▶ **Aim of the exercise**
Please restate each entry that appears below word for word, without its pictures.

▶ **Data provided**
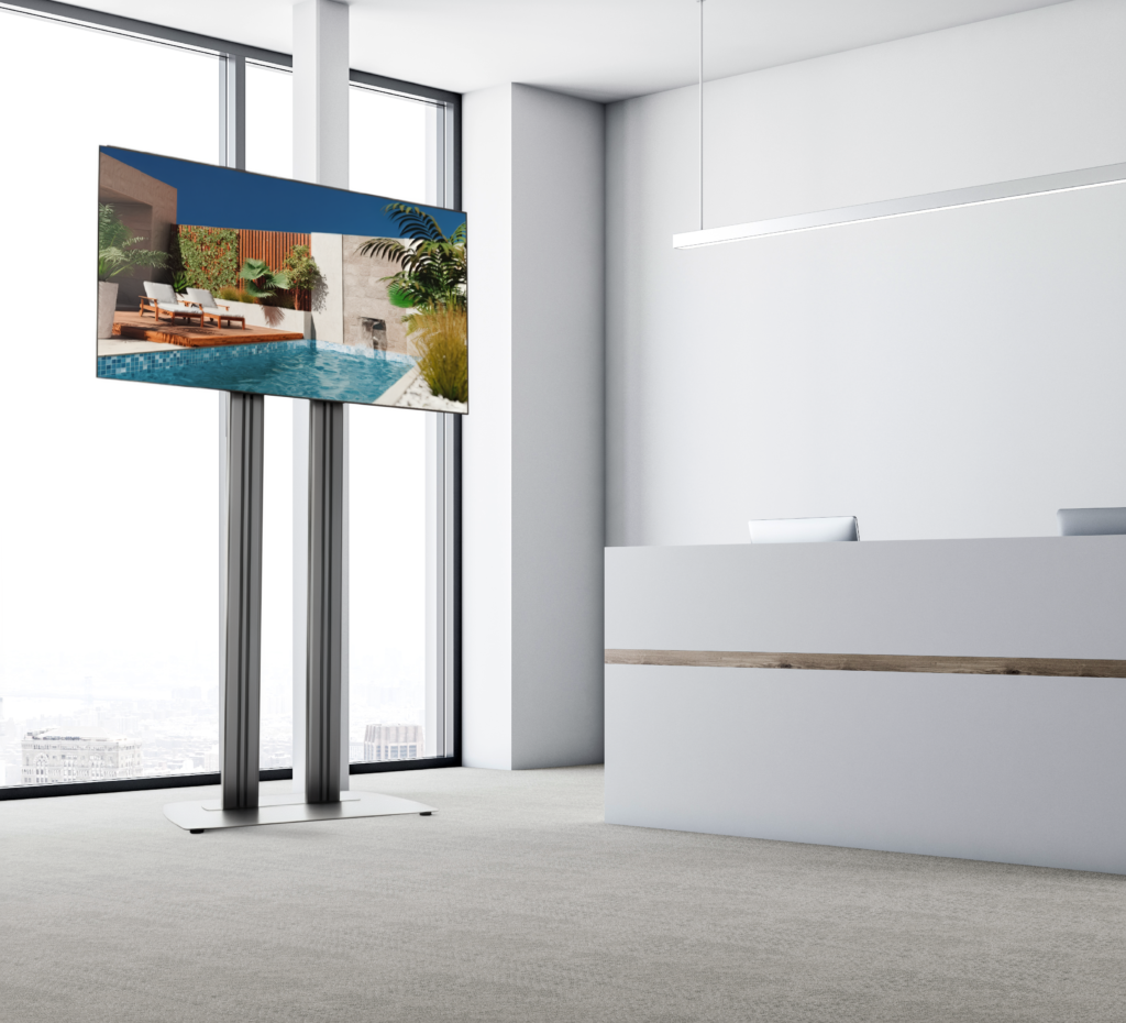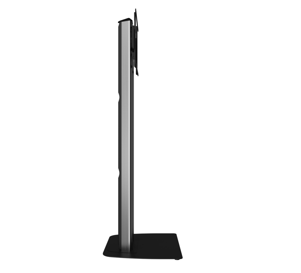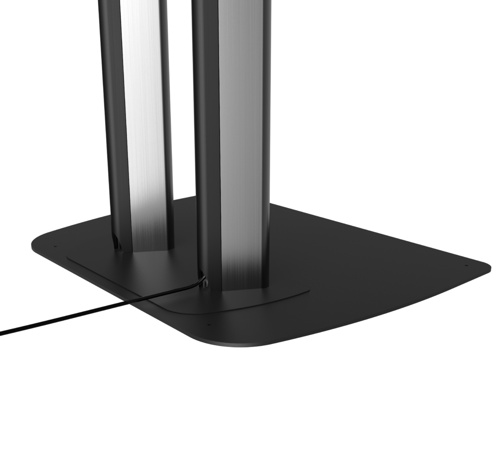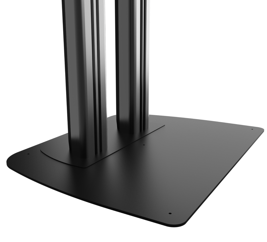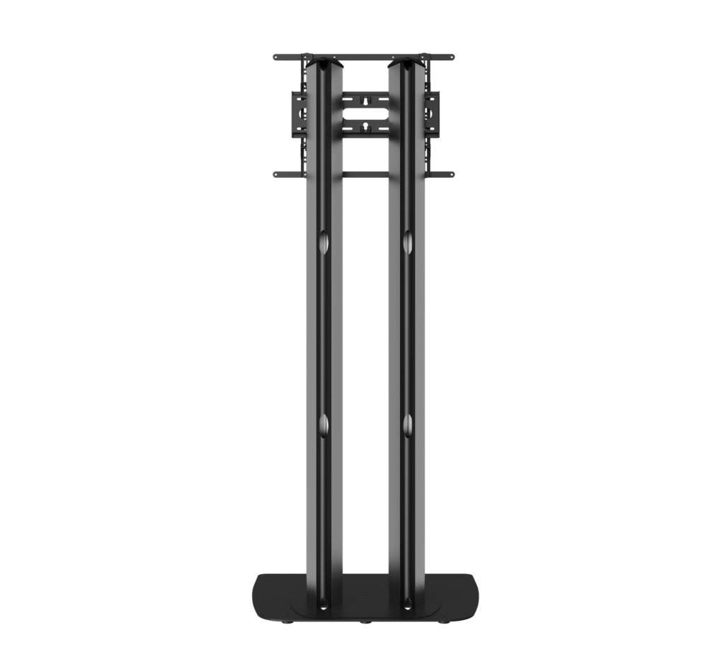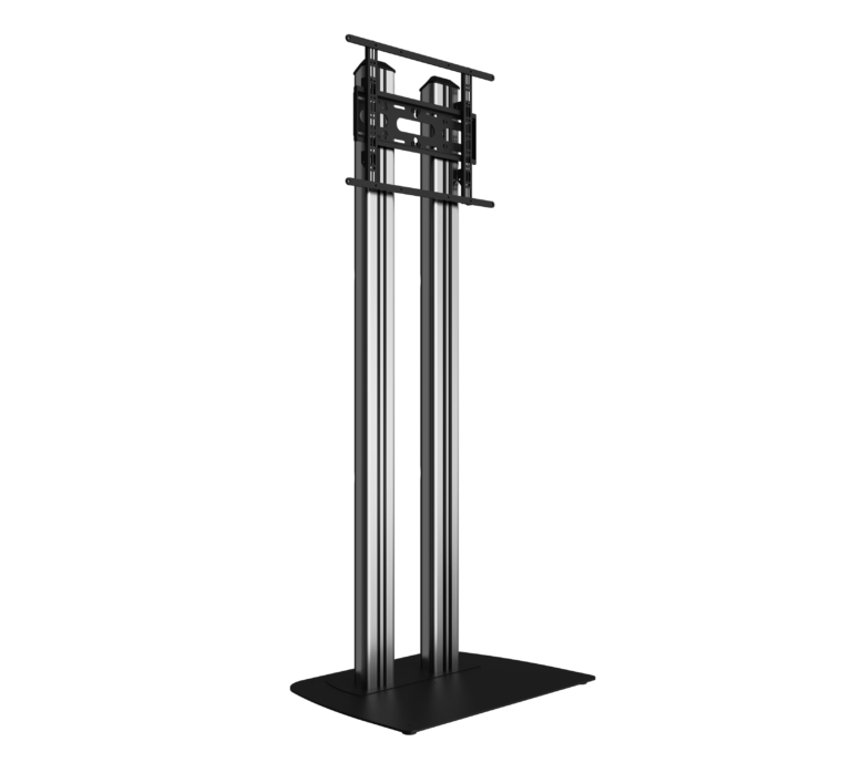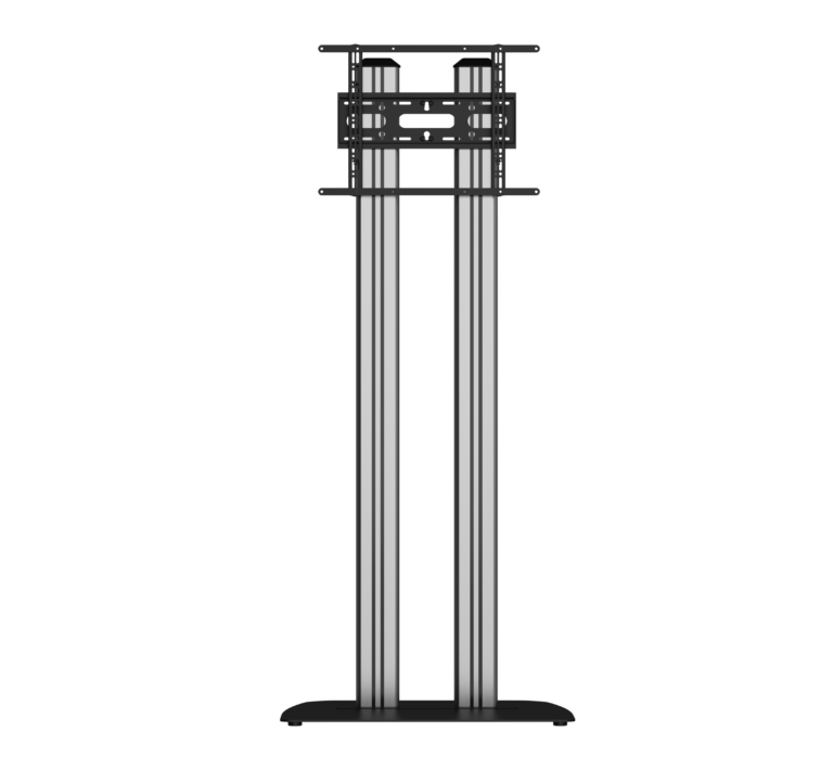 BT8583 is a stylish twin column floor stand designed to mount a large flat screen display. The base features non-marking rubber feet, grab handles for easy handling and a cover plate for improved aesthetics. The screen can be mounted at any height on the 1.8m vertical columns, and B-Tech accessories such as AV shelves can also be fitted directly to the columns.
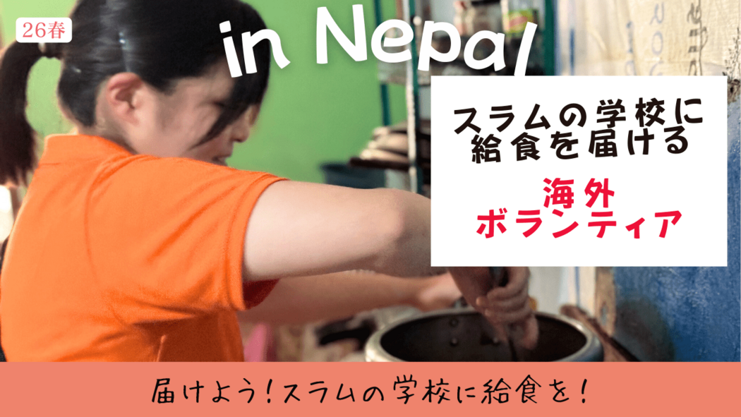 ネパールのスラムのアフタースクールに通う子ども達に毎日の給食を届けるために調理と食育の活動をする海外ボランティアプログラムです。勉強のためのエネルギーとして、食を通じた学習の機会として給食を届けよう!
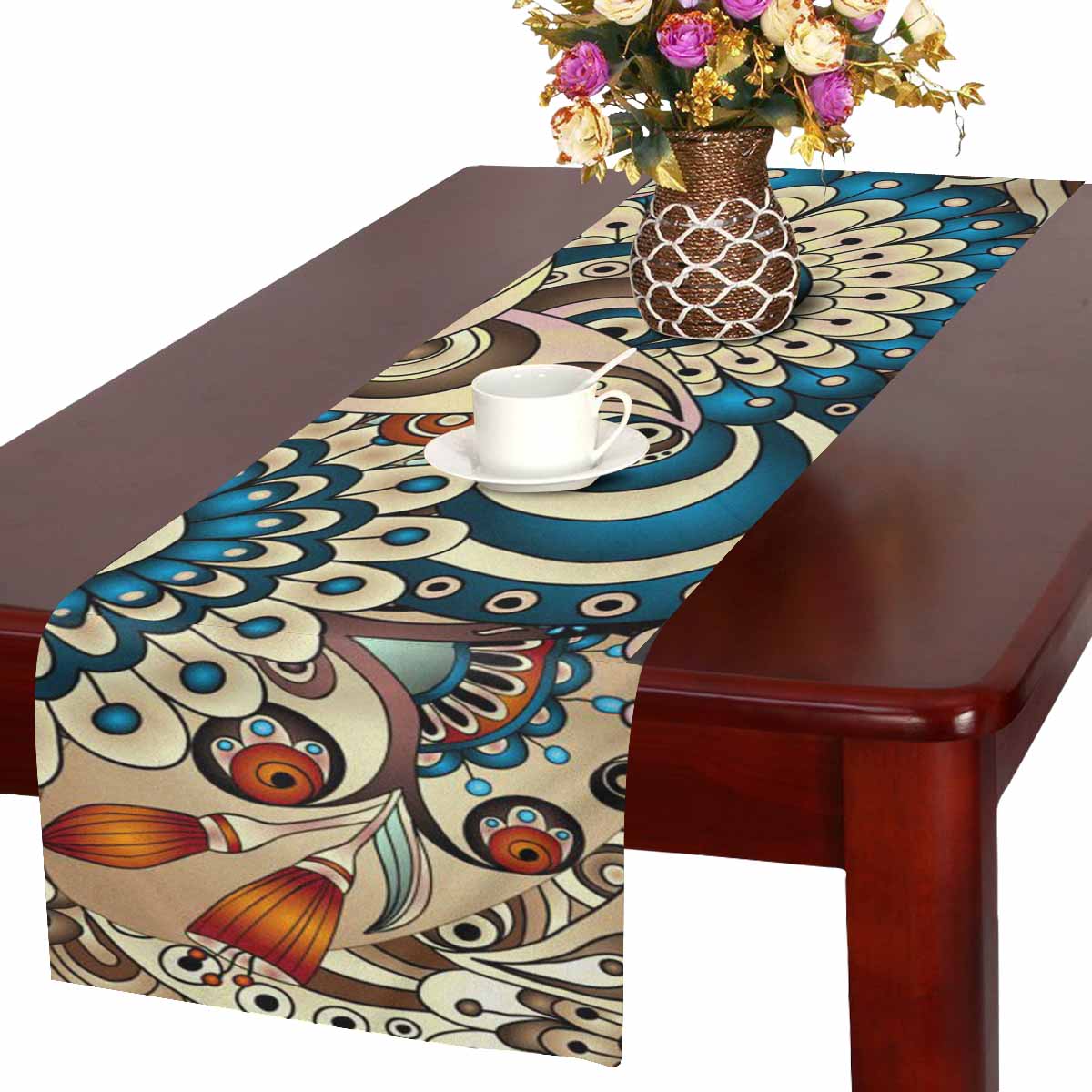 Zenzzle Table Runner 16in*72in print with floral pattern with doodles and cucumbers
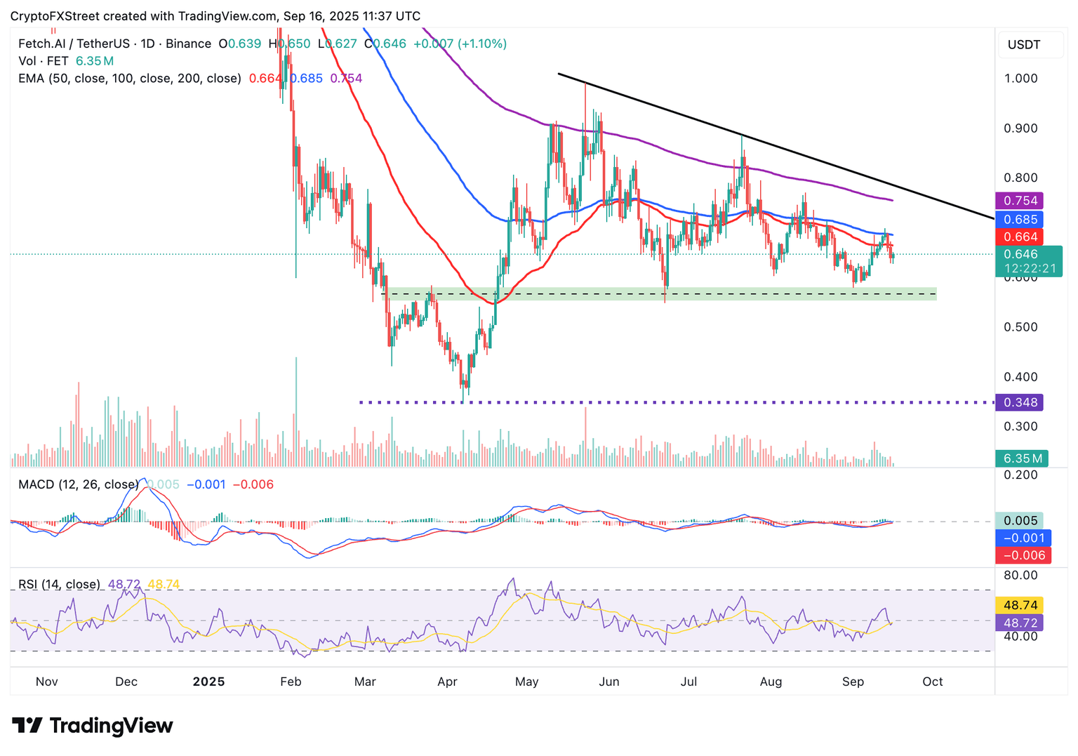 FET must reclaim its position above the 50-day and 100-day EMAs to validate its potential for recovery. Some of the key short-term targets include a break above the 200-day EMA at $0.75 and the descending trendline resistance, both of which could drive the next bullish phase toward the $1.00 level.
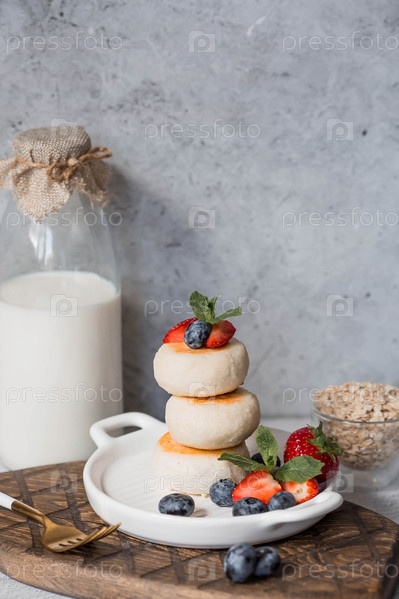 Блинчики с творогом, русские сырники со свежей черникой, клубникой и мятой на стильной деревянной доске на сером бетонном столе. Натуральные продукты. Здоровый и вкусный завтрак

▶ **Task result**
 BT8583 is a stylish twin column floor stand designed to mount a large flat screen display. The base features non-marking rubber feet, grab handles for easy handling and a cover plate for improved aesthetics. The screen can be mounted at any height on the 1.8m vertical columns, and B-Tech accessories such as AV shelves can also be fitted directly to the columns.
 ネパールのスラムのアフタースクールに通う子ども達に毎日の給食を届けるために調理と食育の活動をする海外ボランティアプログラムです。勉強のためのエネルギーとして、食を通じた学習の機会として給食を届けよう!
 Zenzzle Table Runner 16in*72in print with floral pattern with doodles and cucumbers
 FET must reclaim its position above the 50-day and 100-day EMAs to validate its potential for recovery. Some of the key short-term targets include a break above the 200-day EMA at $0.75 and the descending trendline resistance, both of which could drive the next bullish phase toward the $1.00 level.
 Блинчики с творогом, русские сырники со свежей черникой, клубникой и мятой на стильной деревянной доске на сером бетонном столе. Натуральные продукты. Здоровый и вкусный завтрак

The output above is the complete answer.